START Data extracts

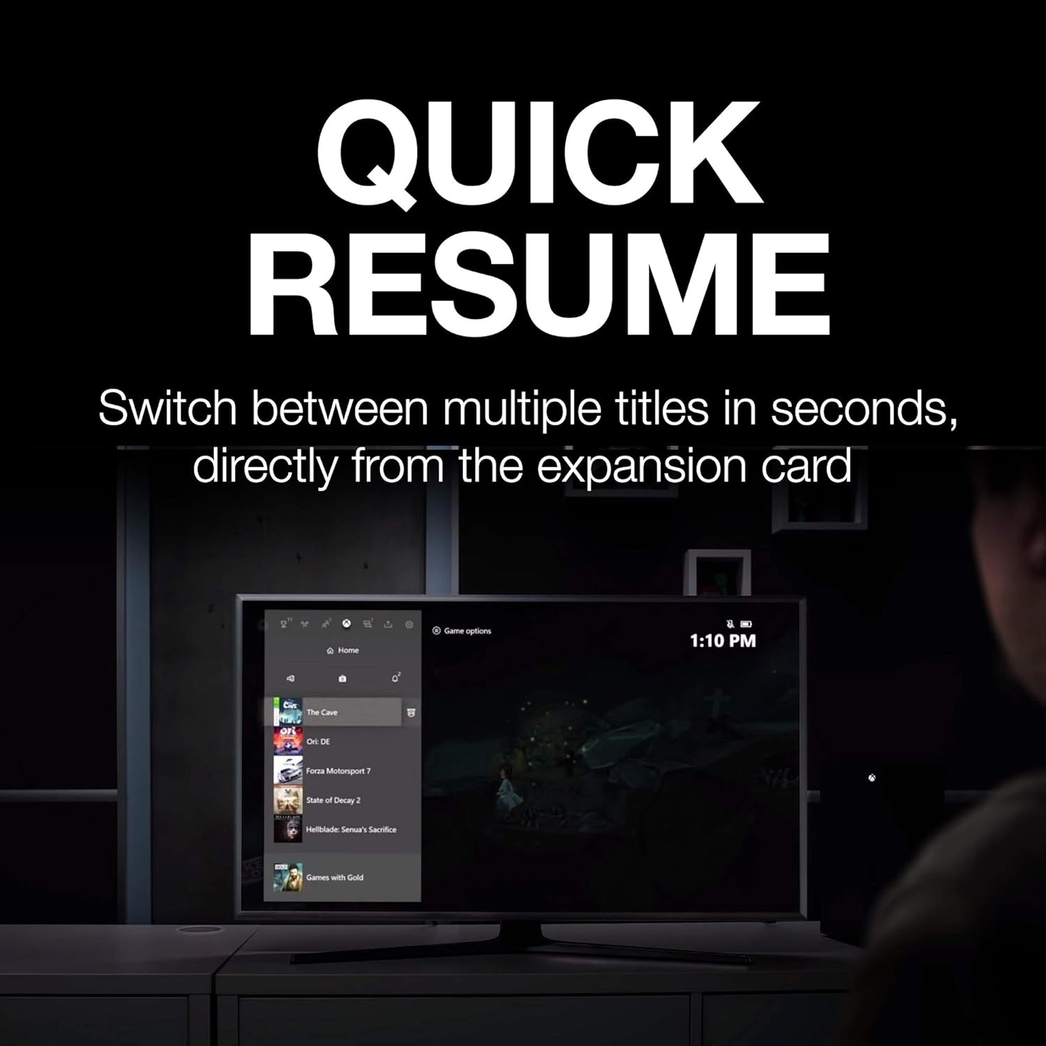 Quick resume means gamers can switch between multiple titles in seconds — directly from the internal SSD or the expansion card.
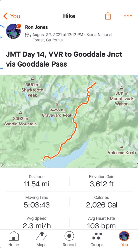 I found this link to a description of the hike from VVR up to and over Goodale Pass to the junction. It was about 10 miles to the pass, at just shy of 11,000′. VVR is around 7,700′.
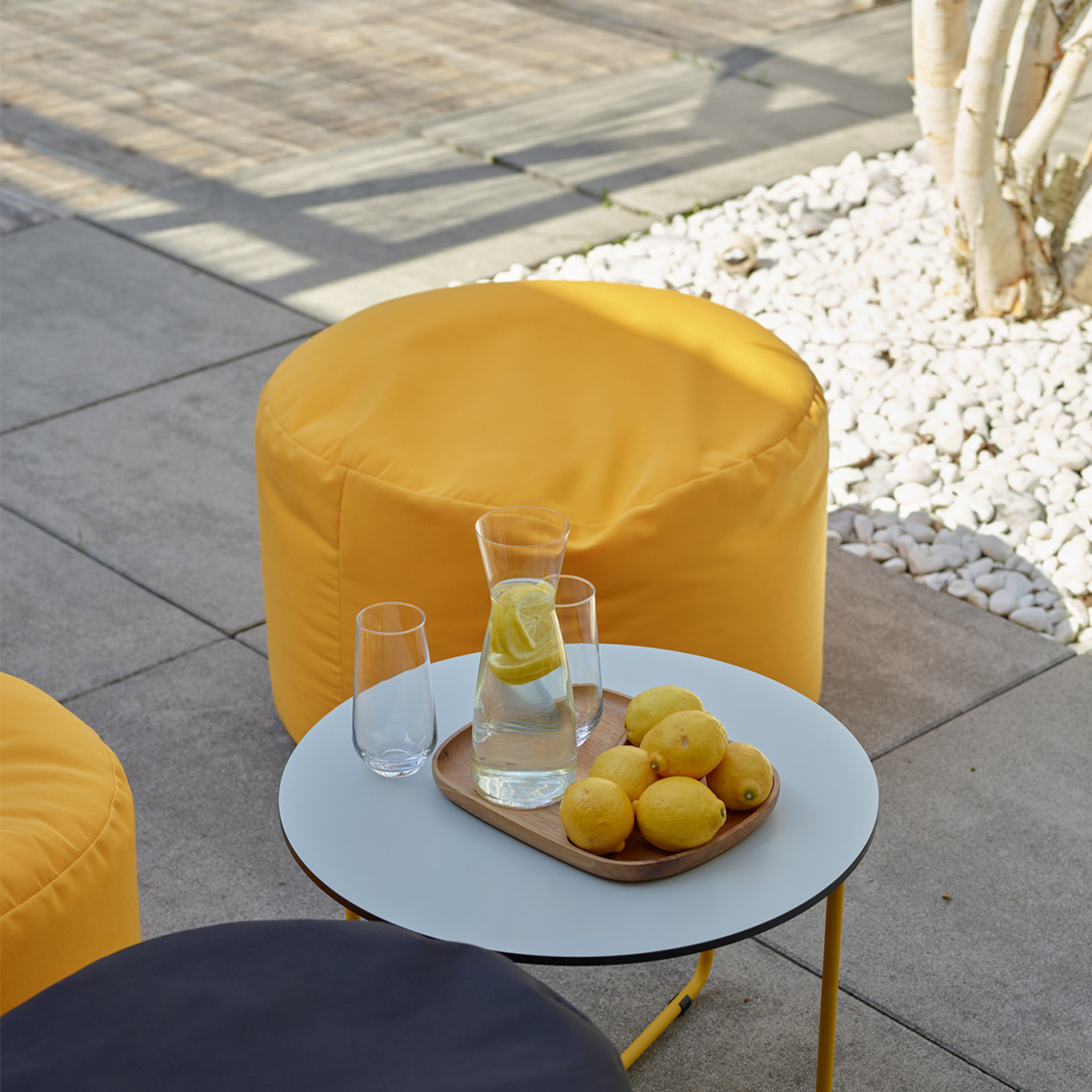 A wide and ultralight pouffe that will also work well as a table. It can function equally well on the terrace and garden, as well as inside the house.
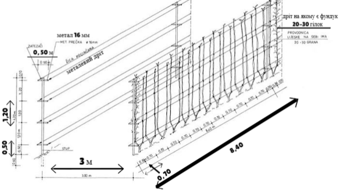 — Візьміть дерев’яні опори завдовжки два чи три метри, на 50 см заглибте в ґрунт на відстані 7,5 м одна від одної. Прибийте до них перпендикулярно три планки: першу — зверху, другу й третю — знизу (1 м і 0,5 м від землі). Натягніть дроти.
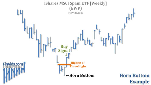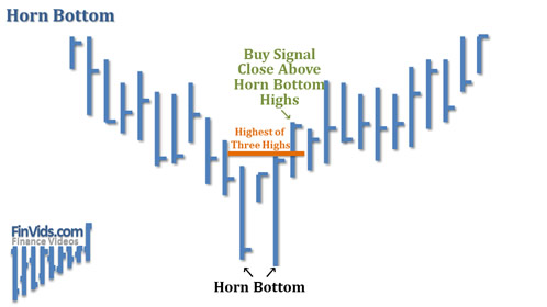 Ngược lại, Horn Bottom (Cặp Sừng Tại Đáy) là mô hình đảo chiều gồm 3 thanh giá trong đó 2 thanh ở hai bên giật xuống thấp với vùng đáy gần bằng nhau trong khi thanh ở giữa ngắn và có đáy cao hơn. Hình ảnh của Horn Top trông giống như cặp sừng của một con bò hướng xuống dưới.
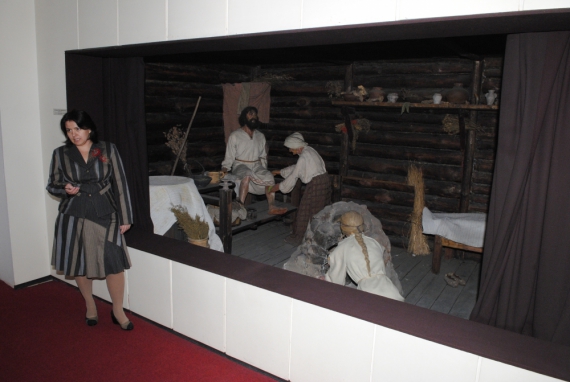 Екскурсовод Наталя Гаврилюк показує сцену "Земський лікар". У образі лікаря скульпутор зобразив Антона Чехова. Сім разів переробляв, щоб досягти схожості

END Data extracts

Give the lines again word for word, from the start of the records to the line holding "I found this", both included, and leave out any picture.

 Quick resume means gamers can switch between multiple titles in seconds — directly from the internal SSD or the expansion card.
 I found this link to a description of the hike from VVR up to and over Goodale Pass to the junction. It was about 10 miles to the pass, at just shy of 11,000′. VVR is around 7,700′.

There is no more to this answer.